Villanueva began to utilize the choral and theatrical practices of murga uruguaya to create the new ensemble Flor de Juanas. This group was born out of the first class of cueca students whom she taught. For them, murga became a way to amplify the vocal capacities of canto gritado through collective singing and to transform cueca brava into a performance practice centered on women’s social commentary (Josi Villanueva, interview, Santiago, August 20, 2018).
Since Flor de Juanas was officially formed in 2016, it has become an artistic and social cornerstone of the community that has evolved out of Josi Villanueva’s ongoing classes. On the one hand, it has come to serve as an example of the type of vocal projection, timbre, and capacity to harmonize in a group that Villanueva helps students to achieve in her classes. For many classmates and audience members whom I spoke to, Flor de Juanas’s plurality of voices represents a call, an invitation for listeners to find their own voices—to revel in their power to sonically rupture the norms of feminine docility. Their block of raised voices gives them control over a space during their performances, and their shouted song fractures the idea of a passive, quiet, feminine body meant only to be gazed upon. The group takes this collective vocal practice based on murga aesthetics and blends it with the instrumentation, syncopated rhythms, and strict poetic form more typical of Chilean cueca. 7
Combining murga with cueca was not only a matter of blending compositional styles. It also entailed a new mode of cultural imagination that placed the social archetype of the roto chileno in synchrony with the more abstract, allegoric character representations in murga uruguaya. In this new artistic world, with new scenography and dance forms, the cueca brava archetype of la mujer rota, the woman of the people—hostess, entertainer, and keeper of the domestic sphere—has been reframed as a more complex subject with a public political voice. In Flor de Juanas’s performances, women’s bodies are understood not only as sites of pleasure but also as places from which memory is enacted, untold traumas are shared, and unspoken hopes are expressed.

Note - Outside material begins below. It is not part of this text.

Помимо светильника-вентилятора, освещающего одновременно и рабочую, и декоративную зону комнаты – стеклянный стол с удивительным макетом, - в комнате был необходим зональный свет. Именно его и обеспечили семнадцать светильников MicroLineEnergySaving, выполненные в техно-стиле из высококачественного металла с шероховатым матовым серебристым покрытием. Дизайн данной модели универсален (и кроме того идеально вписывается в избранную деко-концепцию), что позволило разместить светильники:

The song “Veleidoso,” which Flor de Juanas performed at the opening of its set at the presidential palace in 2018, illustrates many of these new compositional elements. This piece was initially written for Carola Barría, a resident of Punta Arenas, one of Chile’s southernmost cities. In 2013 Barría was brutally attacked by her romantic partner in front of their five-month-old child. Her aggressor, acting in a jealous rage, beat her and gouged out her eyes before shooting two other men he suspected to be her lovers and abandoning her and their baby on the side of the road, where they were not found until the next day. Her ex-partner was killed soon afterward in a shootout with police (G. Garcia, 2016). At the time of this event, Josi Villanueva’s sister-in-law Ani, a social worker, was living in Punta Arenas. Villanueva and her partner, Raúl, went to Punta Arenas for a performance shortly after the incident and were shocked to realize that the attack on Carola Barria was not making headlines or even truly being discussed in the city. After hearing more of the gruesome details from Ani, Villanueva composed the song with Raúl that night (Josi Villanueva, group interview of Flor de Juanas, November 27, 2018).

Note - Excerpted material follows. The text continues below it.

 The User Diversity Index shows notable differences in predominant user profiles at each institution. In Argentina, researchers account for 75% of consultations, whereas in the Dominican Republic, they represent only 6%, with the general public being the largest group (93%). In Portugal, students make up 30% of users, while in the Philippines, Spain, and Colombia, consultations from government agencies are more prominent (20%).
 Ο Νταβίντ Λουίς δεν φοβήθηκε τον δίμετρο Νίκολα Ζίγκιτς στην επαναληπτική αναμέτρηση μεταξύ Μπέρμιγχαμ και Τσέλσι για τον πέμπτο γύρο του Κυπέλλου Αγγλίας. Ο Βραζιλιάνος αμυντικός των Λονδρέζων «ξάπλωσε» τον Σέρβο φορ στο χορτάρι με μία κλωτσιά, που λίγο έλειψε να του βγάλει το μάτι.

When Flor de Juanas initially began performing “Veleidoso,” the piece was introduced by reciting improvised verses about Carola Barria. However, in 2016 another woman in the southern town of Coyhaique suffered a similar attack. Nabila Rifo was beaten unconscious and her eyes were gouged out by her romantic partner. This attack occurred in the midst of #NiUnaMenos (#NotOneLess) antifemicide movements that had begun in Argentina and swept South America and immediately sparked national and international outrage (BBC, 2017). Villanueva, wanting to respond to the situation, composed an extended introduction that honored both Carola Barria and Nabila Rifo, weaving in the symbolism of their sight’s being taken away. The first two stanzas form an introduction that extends the typical poetic structure of a cueca. The cueca itself begins with a copla made of four octosyllabic lines (8a-8b-8a-8b), followed by two seguidillas consisting of four lines each and alternating between seven and five syllables (7a-5b-7a-5b), and a remate, a two-line verse of seven and five syllables respectively (7a-5a). The lines in parentheses are muletillas, ornamental phrases added only when performed:
Veleidoso (Fickle One)
The muletilla “tiki tiki ti, tiki tiki ti veleidoso” also gives the piece its title. This phrase is a lyrical and melodic quotation from the monumental 1960 “El gavilán” (The Hawk) by Violeta Parra (1917–1967). In both songs, “tiki tiki ti,” normally a lighthearted interjection in more traditional cuecas, is used in dark irony to curse the “veleidoso,” the fickle or untrue lover. “El gavilán” used the allegory of an abusive lover who is like a hawk preparing to strike its prey to describe the experience of violent oppression at the hands of larger systems of patriarchal and capitalist oppression (Valdebenito, 2018). Similarly, “Veleidoso” by Flor de Juanas uses two cases of domestic violence to critique the unequal justice systems and religious institutions that continue to grant impunity to abusers, torturers, and rapists across contemporary Chilean society and beyond. Wielding the intertextual trope of the “veleidoso” shifts the blame from victims to perpetrators in cases of sexual violence.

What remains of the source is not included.